Facing political pressure over his broken promise that people could keep their health insurance plans under ObamaCare, President Obama last week announced a fix to make good on that vow.
Except states have the final say on whether they will accept the fix, which would allow, but not require, insurers to extend policies that would otherwise be nixed by the health care law. And in the early going, Obama is finding that his most willing partners are largely those who threw fits about ObamaCare's earlier provisions: Republican governors.
Thirteen states have so far said they will let insurers extend canceled plans; nine of those states have Republican governors. Conversely, of the eight states to decline the federal fix to date, seven have Democratic governors.
That GOP-led states would be more willing to latch on to an ObamaCare tweak that blunts the law's impact is not too surprising. But that partisan motivation only partly explains the split. In addition, those states, by thumbing their noses at other aspects of the health care law, made it harder for their residents to obtain health insurance, and they may now need more help to keep people covered.
Of the aforementioned nine GOP-led states, every single one declined to establish their own exchange marketplaces, and only one, Ohio, has said it will accept the federal expansion of Medicaid under ObamaCare. Combined, those two refusals effectively kept millions of otherwise eligible Medicaid enrollees on the sidelines and, given Healthcare.gov's hiccups, made it that much harder for the uninsured — including people being booted from their old plans — to find and obtain new coverage.
Remember, the state-run exchanges have been the biggest success story in the early going, accounting for three-quarters of all October ObamaCare enrollments. And despite the dismal cumulative enrollment number nationwide, several states with their own marketplaces, like California, are already on pace to hit their enrollment targets for 2014.
Further underscoring that point, deep blue Oregon and Hawaii, both of which expanded Medicaid and launched their own exchange marketplaces, are also in the "we'll extend old plans" camp. Oregon's marketplace has been a total disaster, enrolling exactly zero people in October, and Hawaii's has hardly fared better, meaning they, too, could use all the federal help they can get now.
The seven Dem-led states sitting out the fix, meanwhile, all built their own marketplaces, and they all accepted the Medicaid expansion.
That, in part, could explain why Texas — which enrolled only 3,000 people in October — will allow consumers to keep old health plans, while New York — which enrolled 16,400 and covered thousands more through Medicaid— will not. New York Gov. Andrew Cuomo essentially said as much in defending his decision not to participate in Obama's plan.

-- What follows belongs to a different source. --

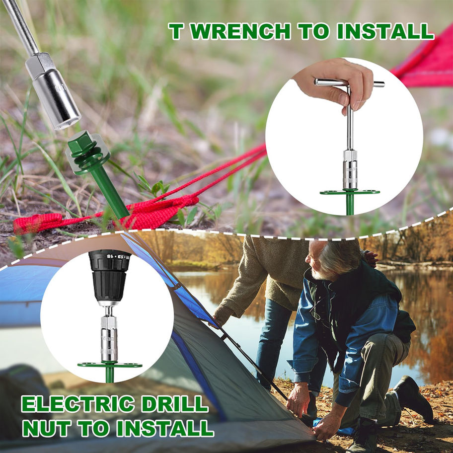 Package Including:4pc Ground Anchors .4pc rubber Protective Cover 1pc electric drill nut.1pc T-shape wrench greatly help you to instal& set up your trampoline & tent easily. Unique Design:360°adjustable double hole connector.1 Ground Anchors can fix 2 tents or trampoline.added electric drill nut Save time and effort in installation. works in a variety of soils Heavy Duty Ground Anchors:Made of premium material steel.Easy to screw in, even in hard ground. Holds its well and doesn’t slip out .worked great to secure your tent trampoline Christmas Decoration.trees RV tent during a pop spring thunderstorm. Widely Used:suitable for Tent, trampoline,rv tents.Inflatable Christmas or hallowen Decoration,even for fix small trees.Swing Sets.easily withstand harsh weather conditions such as heavy rain and strong winds. Warm Tips:If you have any questions please to contact us.(Not suitable for large rocks.May lead to unstable fixation)

"If it is causing a problem for someone we will certainly look at it," he said, adding, however, that, "our program has actually been working well."

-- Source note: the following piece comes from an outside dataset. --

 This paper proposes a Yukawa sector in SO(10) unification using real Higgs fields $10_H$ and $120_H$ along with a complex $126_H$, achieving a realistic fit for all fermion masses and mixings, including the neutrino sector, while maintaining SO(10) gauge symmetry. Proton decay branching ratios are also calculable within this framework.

There's another political angle, too: The proposed fix could wind up hampering ObamaCare's effectiveness.
The exchange marketplace works, in part, by creating a new pool of consumers for insurance companies to compete for, thus driving down costs. If not enough healthy people participate, it could cause premiums to spike and undercut the entire system.

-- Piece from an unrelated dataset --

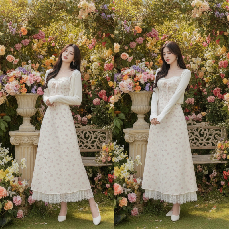 SETELAN LONG DRESS FLORAL VINTAGE RENDA LEMBUT STYLE KOREA - DRESS KOREA DRESS WANITA ELEGAN DRESS BUNGA K060

Washington was the first state to say it would not allow insurers to extend old policies, with the state's head insurance official, Mike Kreidler, saying he had "serious concerns" about "its potential impact on the overall stability of our health insurance market." Minnesota's top health executive likewise said the Obama plan would cause "major market disruptions" and possibly drive up premiums.
Insurers, too, aren't so certain the plan, given ObamaCare's complexity, will have its intended functionality without having unintended negative consequences. The plan is a "logistical nightmare," one insurance industry consultant told CBS, that "is likely to lead to serious customer service problems."
So in short, Obama's plan is a welcome political salve for states where enrollment is lagging — and, in the case of GOP-led states, where enrollment is lagging specifically because of their reluctance to embrace ObamaCare's other provisions.